**Exercise data**:

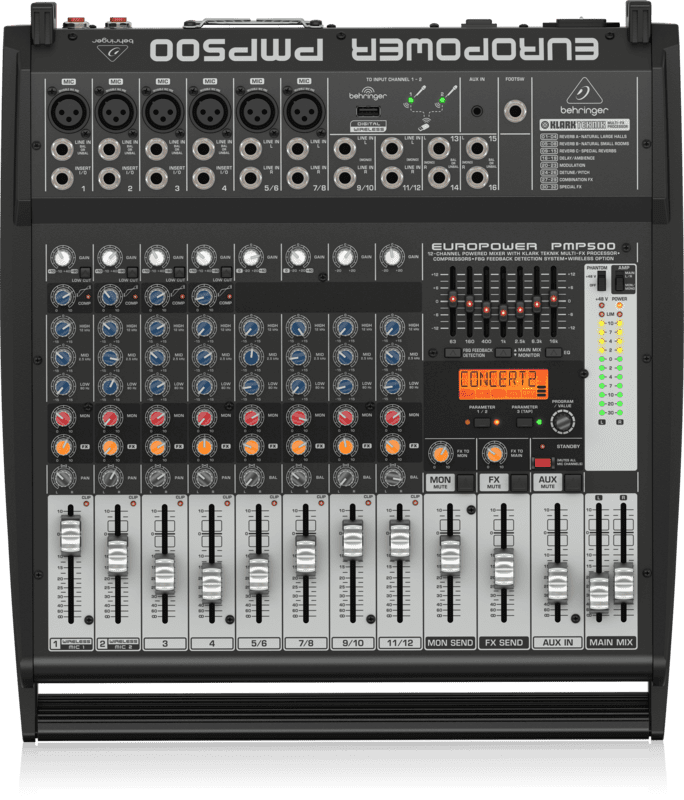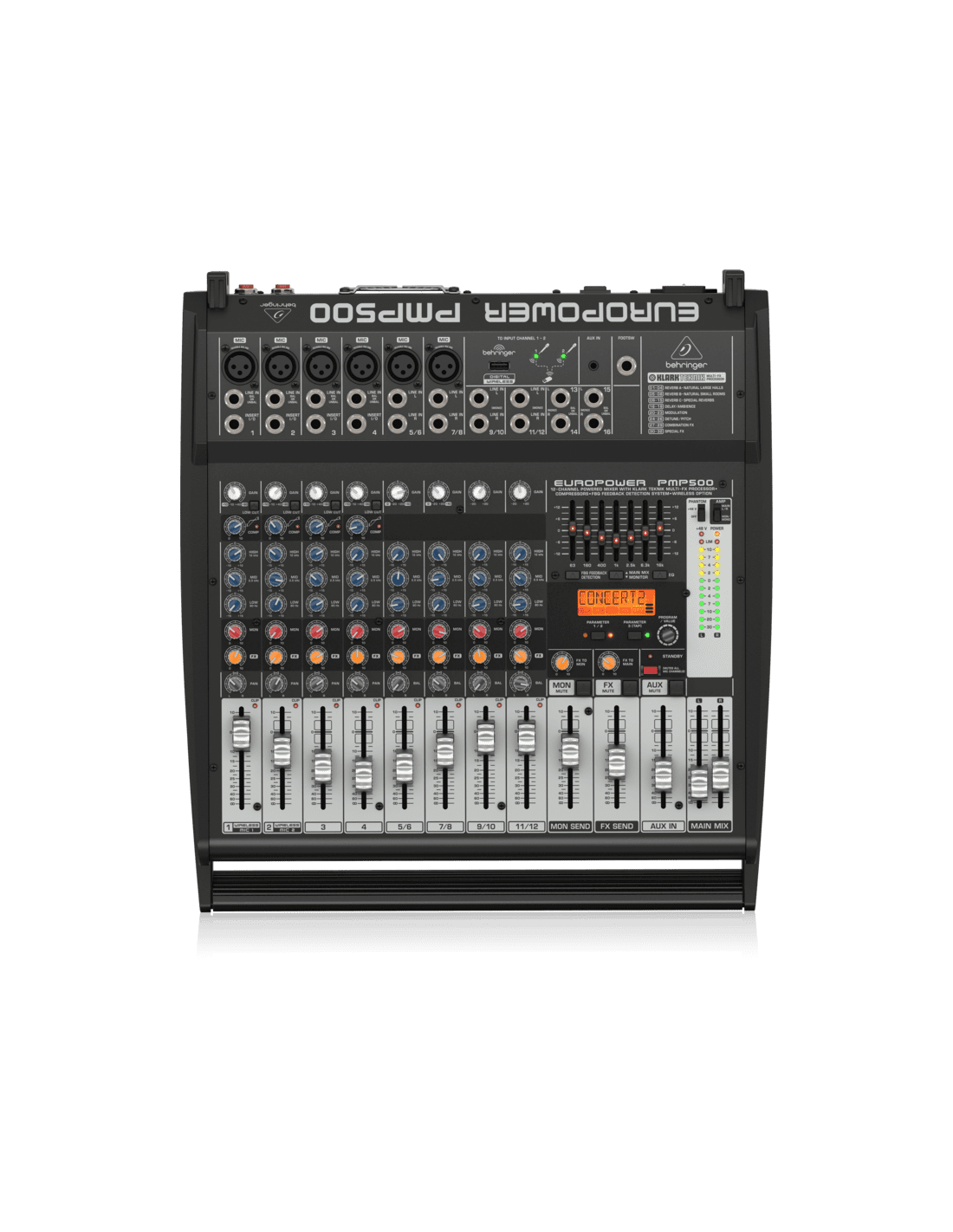 BEHRINGER PMP500 POWERED MIXER. Mixer analogico a 12 canali con 6 preamplificatori microfonici XENYX, 500W di potenza, 4 ingressi mono XLR/TRS e 8 stereo di cui 4 su XLR/TRS e 4 su doppio TRS L/R, uscite L/R tramite TRS, ingresso footswitch, Eq a 3 bande su ogni canale (Low, Mid, High) con controllo del compressore sui primi 4 canali, controllo livelli monitor e livelli effetti su ogni canale. Presenta equalizzatore grafico a 7 bande con sistema di rilevamento feedback FBQ, processore di effetti Klark Teknik 24-bit stereo con display LCD, doppi-parametri, funzione Tap e impostazioni utente memorizzabili.
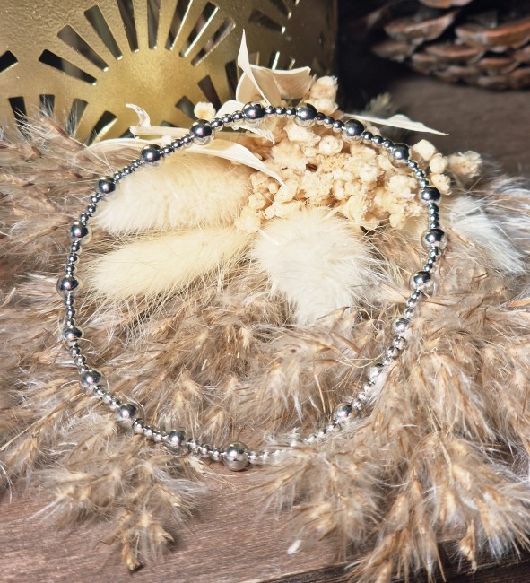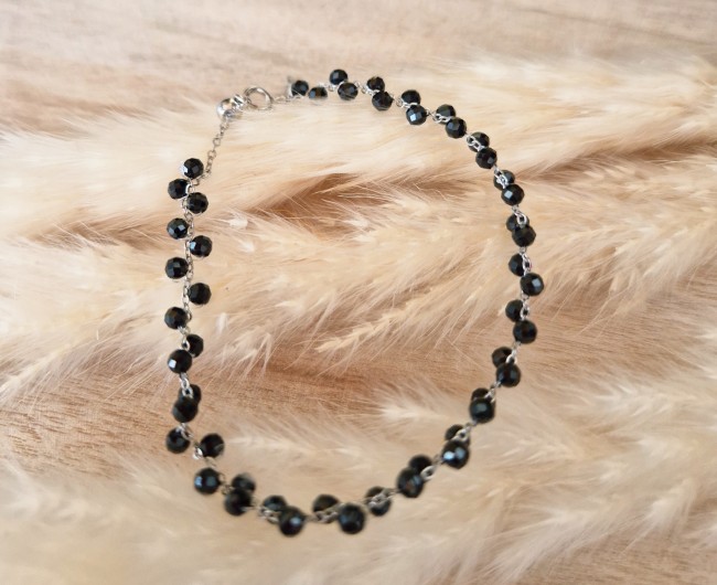 bracelet perle Louna perlé noir acier inoxydable argenté
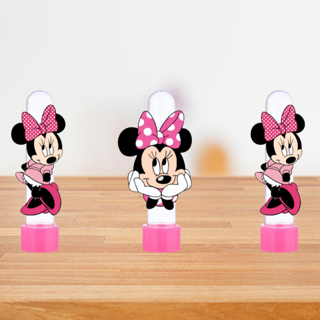 Kit com 10, 20 ou 30 Tubetes Personalizado para Aniversário Minnie Rosa, Tag para Tubete, Apliques 3D para tubete
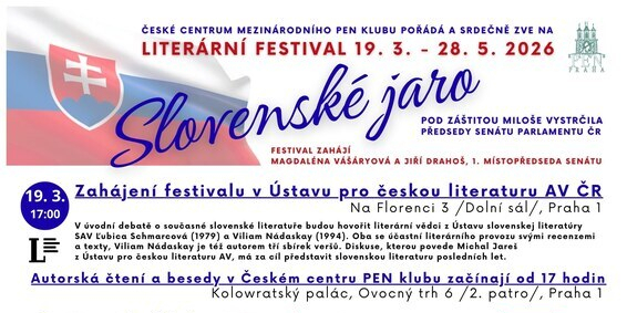 Praha 10. března 2026 (PROTEXT) – Literární festival Slovenské jaro 2026 pod záštitou předsedy Senátu Parlamentu ČR Miloše Vystrčila proběhne od 19. března do 28. května 2026. Slovenské jaro představuje cyklus jedenácti autorských čtení a besed se slovenskými spisovateli, kteří v současnosti výrazně ovlivňují slovenské kulturní prostředí. Festival zahájí Magdaléna Vášáryová, Jiří Drahoš a Ondřej Vaculík ve čtvrtek 19. března od 17 hodin v Ústavu pro českou literaturu AV ČR (Na Florenci 3, Dolní sál, Praha 1).
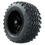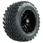 A set of (4) 10-inch GTW® Storm Trooper Black golf cart wheels Mounted on 18x9.50-10 Rogue All-Terrain Tires
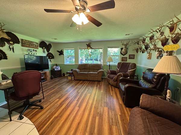 Big porches, beautiful quiet settings and a wildlife paradise! This home and 86 acres is an outdoor lover's dream! Located on a sprawling 86 acres of diverse habitat and a beautiful home accessed by a winding driveway through the beautiful oaks, this property must be seen to be truly appreciated. The home has four spacious bedrooms and two full bathrooms with a large living room! The oversize porches offer a peaceful escape like few other places I have ever been to. Pride of ownership shows throughout this home and property. A short walk from the house is an enclosed barn with concrete floor and power. Perfect for those weekend projects. There is also an established fenced garden. Over the last 30 years, the owners have poured their heart and soul into the land, and it shows. The diverse property includes everything wildlife needs to thrive. Large food plots, planted sawtooth oaks, huge oak trees with long views, and several pockets for bedding and nesting. As shown in the pictures, several mature bucks and turkeys have been harvested over the years! Included with the property are multiple shooting houses and tree stands. The intricate road system makes traveling the property easy and accessible! There is so much packed into this 86 acres! Feel free to reach out any time to schedule a tour.
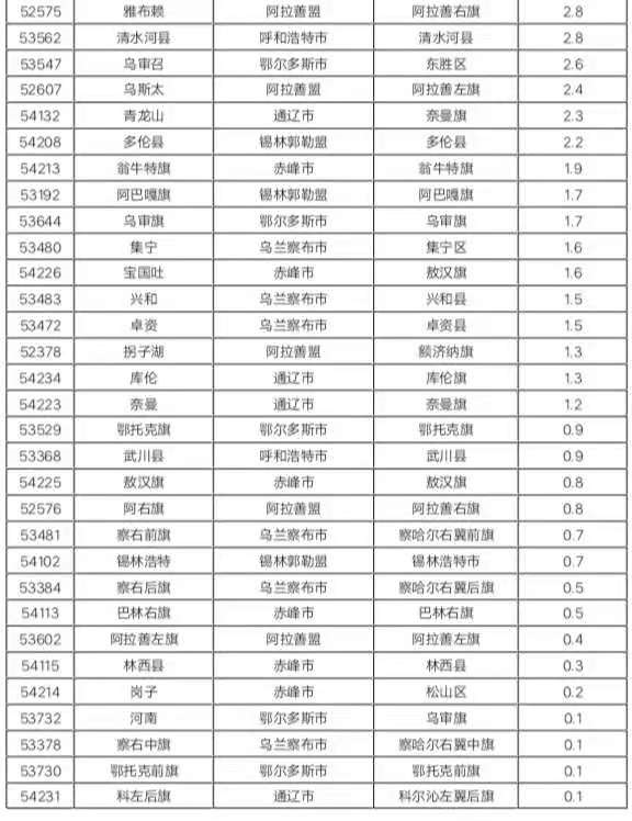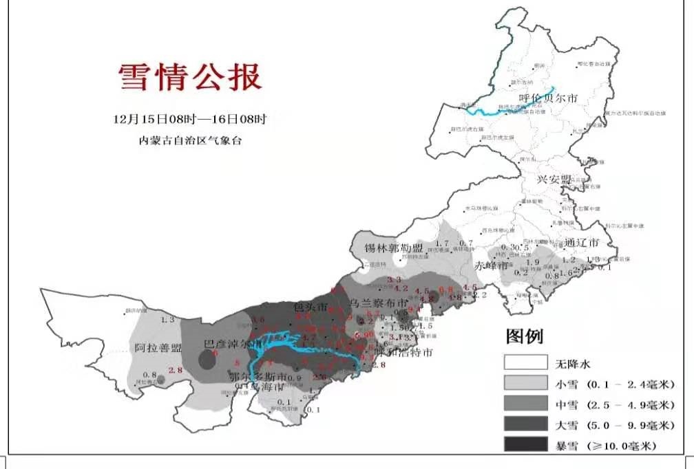中雪:15個旗縣共16個站出現(xiàn)中雪,其中,鄂爾多斯市杭錦旗伊克烏素4.9毫米、錫林郭勒盟太仆寺旗4.8毫米、烏蘭察布市化德縣4.8毫米。
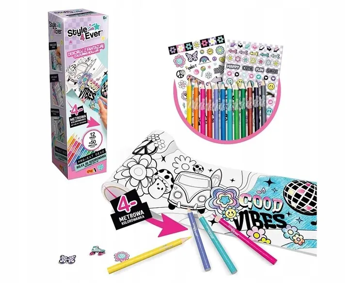 4-metrowa rolka do dekorowania z 3 motywami daje możliwość wyklejania, kolorowania oraz personalizowania swoich projektów.
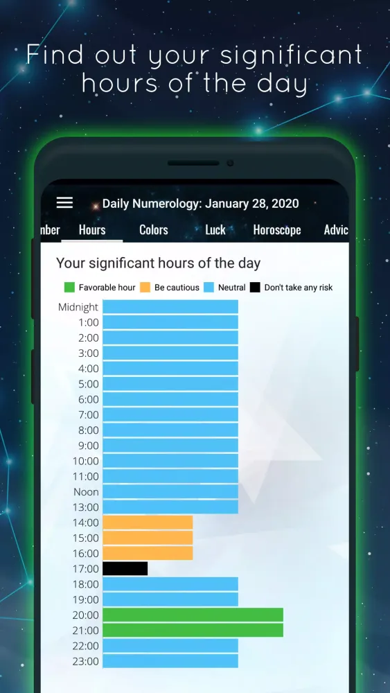 Unlock the power of daily predictions and numerology charts tailored to your birthdate and the contextual elements of each day. Our app provides:
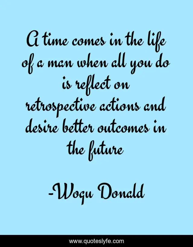 This page presents the quote "A time comes in the life of a man when all you do is reflect on retrospective actions and desire better outcomes in the future". Author of this quote is Wogu Donald. This quote is about relationships, enthusiasm, educational, inspirational, entrepreneurship,.
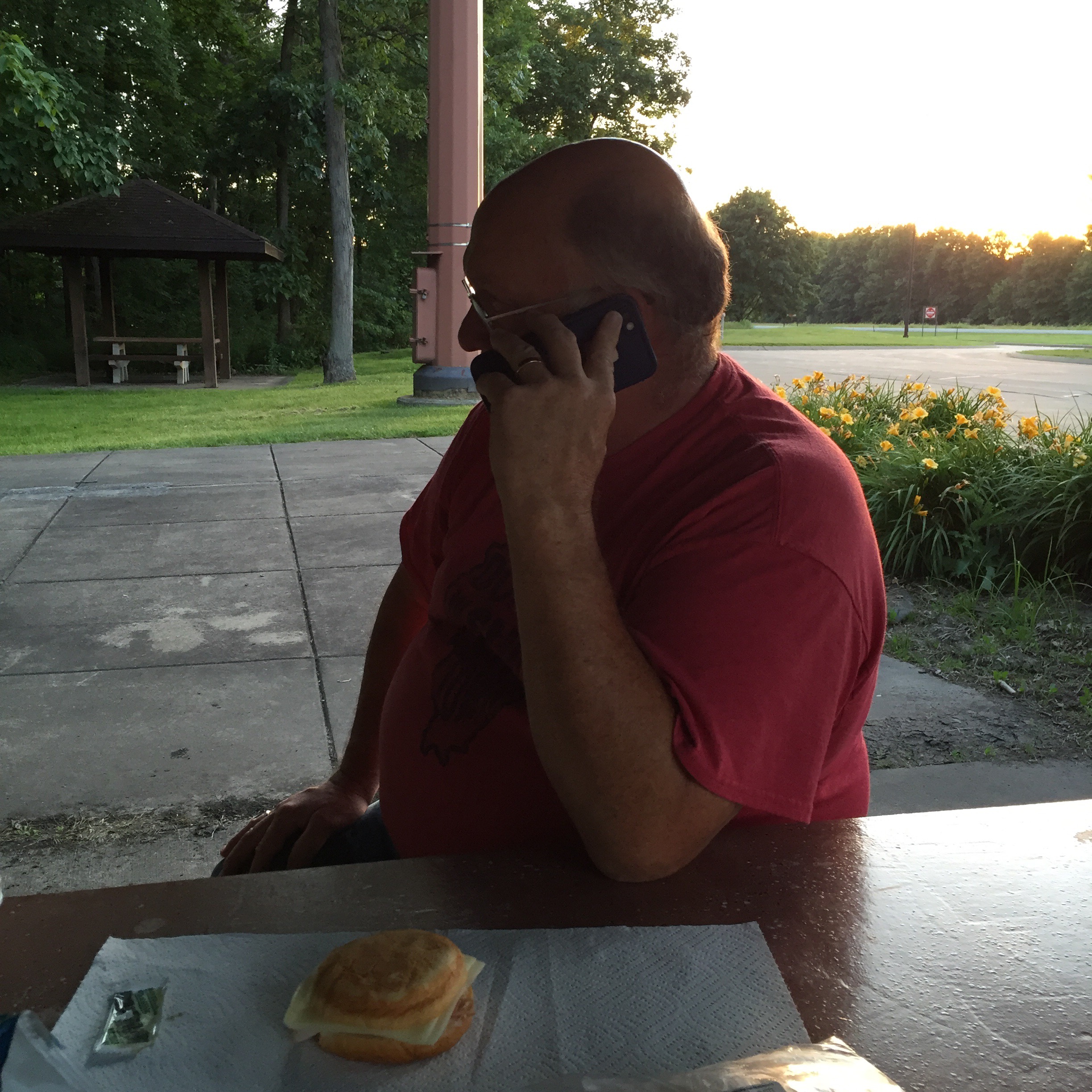 7:30 pm. Stopped for the night at a rest area in Mount Vernon, Illinois. Ran in to the bathroom real quick and I heard this girl say she was going in the men’s room. Well, Greg just went in there so this should be interesting. Turns out she didn’t see the women’s restroom and was not going in the Unisex bathroom and then yelled and said the F word a couple dozen times about how this was against women’s rights and how she didn’t serve in the F military for this kind of stuff. Well you get my meaning. It was a very colorful conversation to say the least. She said she understood the ransgender thing but didn’t want a man in the women’s bathroom upon which I remarked “well, didn’t you just come out of the men’s room?” She is wearing very high short shorts and a tank top so I told her the boobs gave her away. Then, somehow we go from that to gorillas and how she didn’t serve in the military for gorillas to get shot because a woman couldn’t keep up with her kid. She has 6 f….. Kids and knows where each one of them are at all times. Hers never fell in any cages at the zoo. Her boyfriend is staring at the map in the rest area like its a great novel. Then he and Greg are looking at it. Too funny.
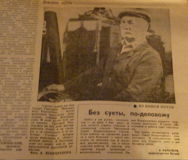 мирное время 1960 год. Местная газета "Искра"статья о Евдокимове Григории Максимовиче -машинисту на железной дороге.
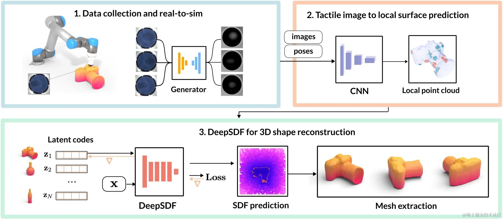 TouchSDF:首先机器人对物体表面进行采样,以获得真实的触觉图像(标记图案),然后将其转换为模拟图像(深度图)。其次卷积神经网络(CNN)将模拟图像映射到表示触摸位置处的局部对象表面的 3D 点集。最后预训练的DeepSDF模型根据多个接触点上的点云预测表示物体形状的连续符号距离函数(SDF)。
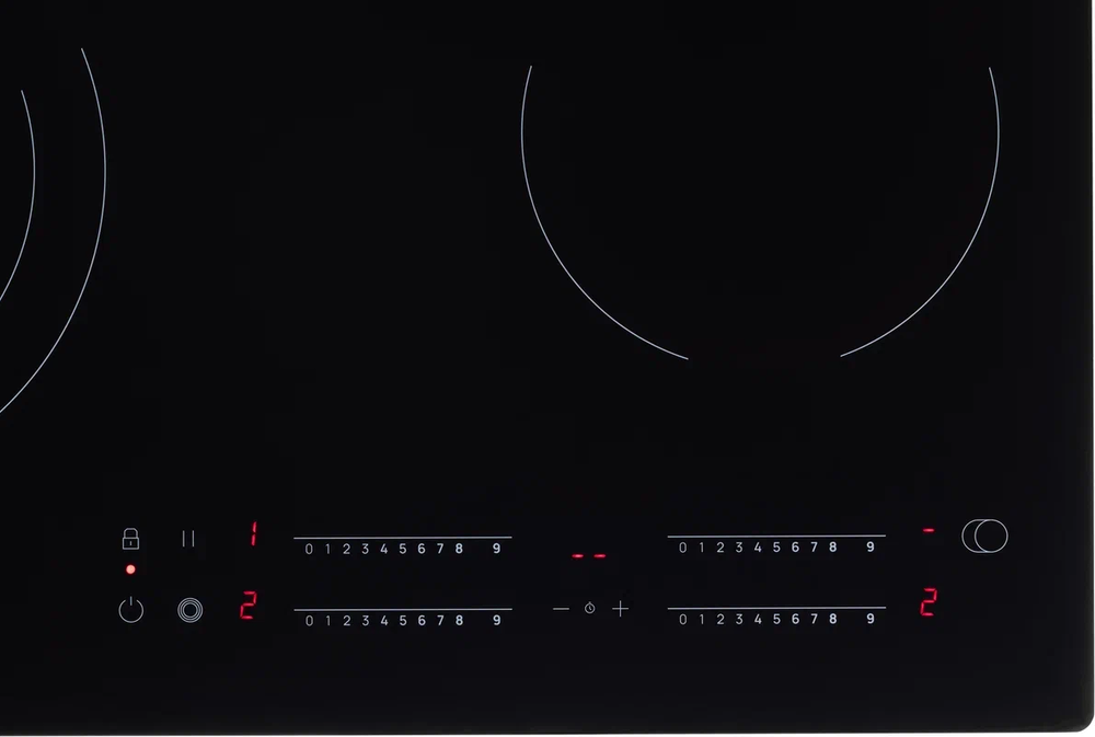 i Расположение панели управления варочной поверхностью относительно конфорок. Если панель расположена сбоку, она будет справа.
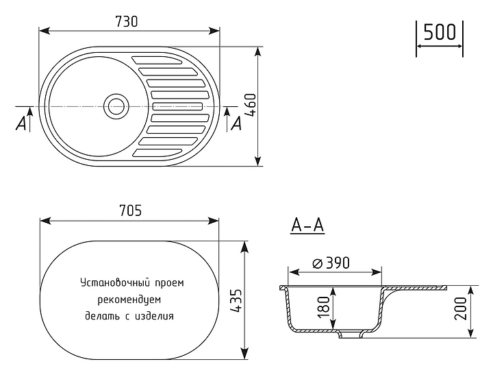 Мойка кухонная Mixline ML-GM16 73х46 cм, черная
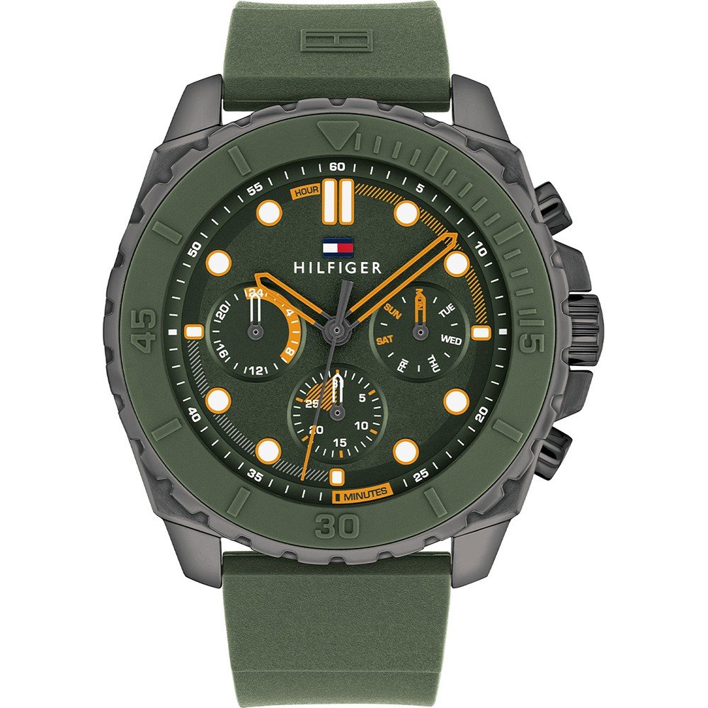 Este reloj Tommy Hilfiger tiene una caja de acero inoxidable de 48 mm de diámetro y correa de caucho. En su interior se encuentra un movimiento Seiko Instruments Inc. y el reloj cuenta con un cristal mineral.

**Problem**:
The entries above are to be printed again word for word, with every picture removed.

**Final answer**:
 BEHRINGER PMP500 POWERED MIXER. Mixer analogico a 12 canali con 6 preamplificatori microfonici XENYX, 500W di potenza, 4 ingressi mono XLR/TRS e 8 stereo di cui 4 su XLR/TRS e 4 su doppio TRS L/R, uscite L/R tramite TRS, ingresso footswitch, Eq a 3 bande su ogni canale (Low, Mid, High) con controllo del compressore sui primi 4 canali, controllo livelli monitor e livelli effetti su ogni canale. Presenta equalizzatore grafico a 7 bande con sistema di rilevamento feedback FBQ, processore di effetti Klark Teknik 24-bit stereo con display LCD, doppi-parametri, funzione Tap e impostazioni utente memorizzabili.
 bracelet perle Louna perlé noir acier inoxydable argenté
 Kit com 10, 20 ou 30 Tubetes Personalizado para Aniversário Minnie Rosa, Tag para Tubete, Apliques 3D para tubete
 Praha 10. března 2026 (PROTEXT) – Literární festival Slovenské jaro 2026 pod záštitou předsedy Senátu Parlamentu ČR Miloše Vystrčila proběhne od 19. března do 28. května 2026. Slovenské jaro představuje cyklus jedenácti autorských čtení a besed se slovenskými spisovateli, kteří v současnosti výrazně ovlivňují slovenské kulturní prostředí. Festival zahájí Magdaléna Vášáryová, Jiří Drahoš a Ondřej Vaculík ve čtvrtek 19. března od 17 hodin v Ústavu pro českou literaturu AV ČR (Na Florenci 3, Dolní sál, Praha 1).
 A set of (4) 10-inch GTW® Storm Trooper Black golf cart wheels Mounted on 18x9.50-10 Rogue All-Terrain Tires
 Big porches, beautiful quiet settings and a wildlife paradise! This home and 86 acres is an outdoor lover's dream! Located on a sprawling 86 acres of diverse habitat and a beautiful home accessed by a winding driveway through the beautiful oaks, this property must be seen to be truly appreciated. The home has four spacious bedrooms and two full bathrooms with a large living room! The oversize porches offer a peaceful escape like few other places I have ever been to. Pride of ownership shows throughout this home and property. A short walk from the house is an enclosed barn with concrete floor and power. Perfect for those weekend projects. There is also an established fenced garden. Over the last 30 years, the owners have poured their heart and soul into the land, and it shows. The diverse property includes everything wildlife needs to thrive. Large food plots, planted sawtooth oaks, huge oak trees with long views, and several pockets for bedding and nesting. As shown in the pictures, several mature bucks and turkeys have been harvested over the years! Included with the property are multiple shooting houses and tree stands. The intricate road system makes traveling the property easy and accessible! There is so much packed into this 86 acres! Feel free to reach out any time to schedule a tour.
中雪:15個旗縣共16個站出現(xiàn)中雪,其中,鄂爾多斯市杭錦旗伊克烏素4.9毫米、錫林郭勒盟太仆寺旗4.8毫米、烏蘭察布市化德縣4.8毫米。
 4-metrowa rolka do dekorowania z 3 motywami daje możliwość wyklejania, kolorowania oraz personalizowania swoich projektów.
 Unlock the power of daily predictions and numerology charts tailored to your birthdate and the contextual elements of each day. Our app provides:
 This page presents the quote "A time comes in the life of a man when all you do is reflect on retrospective actions and desire better outcomes in the future". Author of this quote is Wogu Donald. This quote is about relationships, enthusiasm, educational, inspirational, entrepreneurship,.
 7:30 pm. Stopped for the night at a rest area in Mount Vernon, Illinois. Ran in to the bathroom real quick and I heard this girl say she was going in the men’s room. Well, Greg just went in there so this should be interesting. Turns out she didn’t see the women’s restroom and was not going in the Unisex bathroom and then yelled and said the F word a couple dozen times about how this was against women’s rights and how she didn’t serve in the F military for this kind of stuff. Well you get my meaning. It was a very colorful conversation to say the least. She said she understood the ransgender thing but didn’t want a man in the women’s bathroom upon which I remarked “well, didn’t you just come out of the men’s room?” She is wearing very high short shorts and a tank top so I told her the boobs gave her away. Then, somehow we go from that to gorillas and how she didn’t serve in the military for gorillas to get shot because a woman couldn’t keep up with her kid. She has 6 f….. Kids and knows where each one of them are at all times. Hers never fell in any cages at the zoo. Her boyfriend is staring at the map in the rest area like its a great novel. Then he and Greg are looking at it. Too funny.
 мирное время 1960 год. Местная газета "Искра"статья о Евдокимове Григории Максимовиче -машинисту на железной дороге.
 TouchSDF:首先机器人对物体表面进行采样,以获得真实的触觉图像(标记图案),然后将其转换为模拟图像(深度图)。其次卷积神经网络(CNN)将模拟图像映射到表示触摸位置处的局部对象表面的 3D 点集。最后预训练的DeepSDF模型根据多个接触点上的点云预测表示物体形状的连续符号距离函数(SDF)。
 i Расположение панели управления варочной поверхностью относительно конфорок. Если панель расположена сбоку, она будет справа.
 Мойка кухонная Mixline ML-GM16 73х46 cм, черная
 Este reloj Tommy Hilfiger tiene una caja de acero inoxidable de 48 mm de diámetro y correa de caucho. En su interior se encuentra un movimiento Seiko Instruments Inc. y el reloj cuenta con un cristal mineral.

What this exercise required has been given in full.